Luc et Agnès Robillard, proches (parents)
« Nous avons vécu beaucoup d’isolement. Notre enfant était spécial. Le lien affectif ne s’est pas fait, il a été diagnostiqué autiste. On le voit comme un étranger, mais l’amour maternel prend le dessus. Les médecins nous ont dépeint son avenir : un appartement supervisé et un travail dans un atelier spécialisé. Nous nous sommes dit : pourquoi pas, cela lui fait un avenir. Mais le chemin a été différent. À l’hôpital où il était avant, on exigeait beaucoup trop de lui, on voulait en faire une personne normale. Il avait un comportement hors-norme : il empruntait les bougies dans les automobiles, ramasser tous les mégots et les balles de golf (une véritable passion), il collait son visage aux gens qui lui parlaient et il avait des crises de violence. Alors nous avons acheté un chalet dans le Nord pour l’emmener les fins de semaine, lors de ses sorties de l’hôpital. Nous nous sommes isolés des gens, des jugements. Notre fils était stigmatisé par la société et nous le sommes devenus en même temps que lui. Maintenant que notre fils a 47 ans et que nous vieillissons, nous avons des inquiétudes : la société aura-t-elle toujours une place pour lui, un « asile » au sens positif du terme. La tendance est de vider les hôpitaux psychiatriques qui deviennent des centres de recherche. Qu’en est-il aussi de la loi concernant les soins de fin de vie ? N’y a-t-il pas de pire souffrance que la souffrance mentale ? Nous avons pu compter sur des associations de parents pour nous soutenir. Nous avions des histoires communes à nous raconter, ce n’est pas toujours malheureux, on peut même en rire. Avec le recul, il nous a rendu heureux».

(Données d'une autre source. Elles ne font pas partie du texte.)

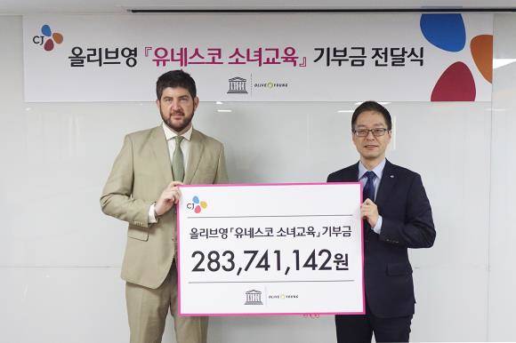 올리브영은 지난 한 해 동안 조성한 기금 약 2억8000만원을 유네스코 소녀교육에 전달했다고 11일 밝혔다.

Étienne Boucher, infirmier clinicien
« Je travaille au programme des Troubles psychotiques, en réadaptation intensive. C’est la 3ème ligne. Les personnes que je rencontre ont entre 20 et 30 ans et souffrent de troubles psychotiques réfractaires. Ce sont des patients très atteints. Ils restent à l’hôpital durant 18 mois et on les prépare pour le retour en société, en appartement supervisé. On peut se rétablir de la maladie en suivant un cheminement clinique. Ce que je fais ce sont des « alliances thérapeutiques », je partage des choses au quotidien avec les patients, ce n’est pas une relation utilitaire - on se croise, se salue dans un climat égalitaire, nous entrons en relation. Je ne vois pas ça comme un travail ou une tâche. Je tisse un lien et une fois qu’existe ce lien, je tente de rattraper le client quand il va moins bien, de l’orienter dans la réalité sans confronter ce qu’il pense, car c’est pour lui « sa » réalité, ce qu’il vit. C’est la maladie qui a alors le contrôle. Nous partageons des choses au quotidien, cela réaligne les valeurs et les besoins vers l’essentiel. La médication est encore lourde et présente de nombreux effets secondaires alors nous essayons d’implanter un environnement pour le patient (couverture lourde, sas d’isolement, etc.) pour qu’il puisse reprendre le contrôle sur sa maladie, se rétablir et un jour, sortir d’ici. »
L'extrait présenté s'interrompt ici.